ENTRIES SHOWN
▼
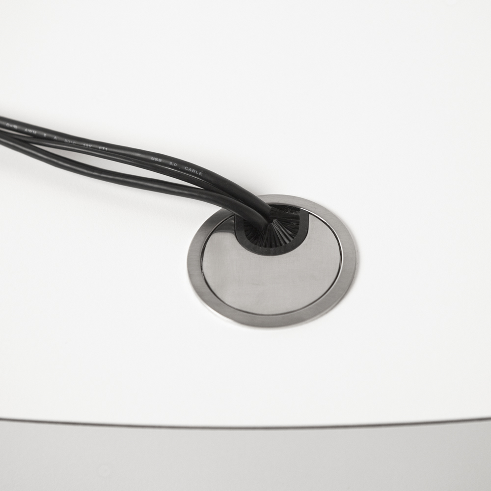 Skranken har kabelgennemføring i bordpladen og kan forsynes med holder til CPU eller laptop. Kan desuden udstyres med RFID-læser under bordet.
▲
▼
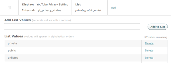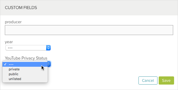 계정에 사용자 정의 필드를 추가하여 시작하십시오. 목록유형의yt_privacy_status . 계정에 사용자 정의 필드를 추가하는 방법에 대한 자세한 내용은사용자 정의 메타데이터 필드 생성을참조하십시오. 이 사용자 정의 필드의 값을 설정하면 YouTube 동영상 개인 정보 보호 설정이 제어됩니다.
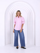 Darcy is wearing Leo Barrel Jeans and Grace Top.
▲
▼
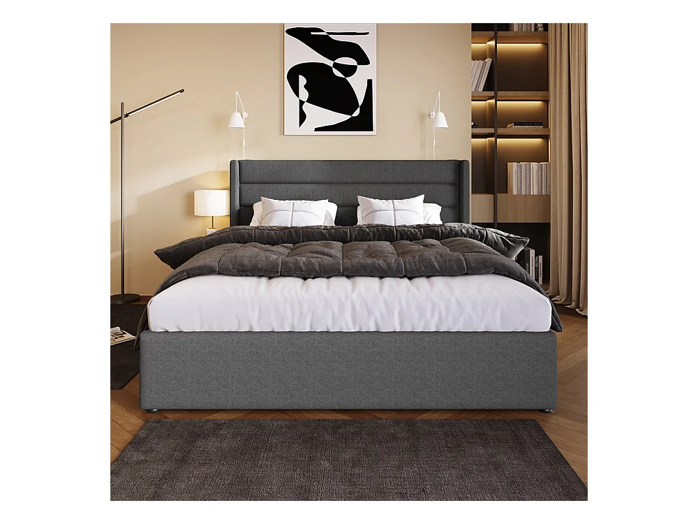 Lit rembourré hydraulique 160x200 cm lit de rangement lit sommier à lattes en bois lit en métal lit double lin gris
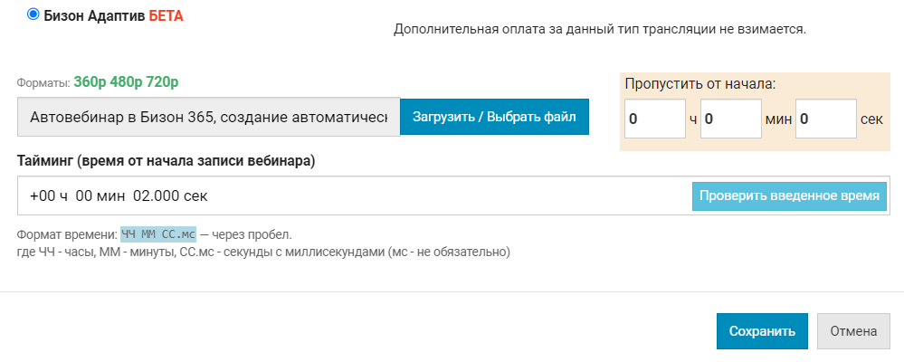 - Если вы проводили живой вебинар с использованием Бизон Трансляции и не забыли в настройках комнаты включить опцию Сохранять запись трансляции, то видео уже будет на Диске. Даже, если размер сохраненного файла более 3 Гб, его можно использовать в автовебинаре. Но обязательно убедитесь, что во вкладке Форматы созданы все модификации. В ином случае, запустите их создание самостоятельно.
▲
ASSIGNED TASK
Reproduce, word for word, everything in the listing above from the line containing "Lit rembourré hydraulique" down to the line containing "- Если вы проводили", both of them included. No pictures.

EXPECTED OUTPUT
 Lit rembourré hydraulique 160x200 cm lit de rangement lit sommier à lattes en bois lit en métal lit double lin gris
 - Если вы проводили живой вебинар с использованием Бизон Трансляции и не забыли в настройках комнаты включить опцию Сохранять запись трансляции, то видео уже будет на Диске. Даже, если размер сохраненного файла более 3 Гб, его можно использовать в автовебинаре. Но обязательно убедитесь, что во вкладке Форматы созданы все модификации. В ином случае, запустите их создание самостоятельно.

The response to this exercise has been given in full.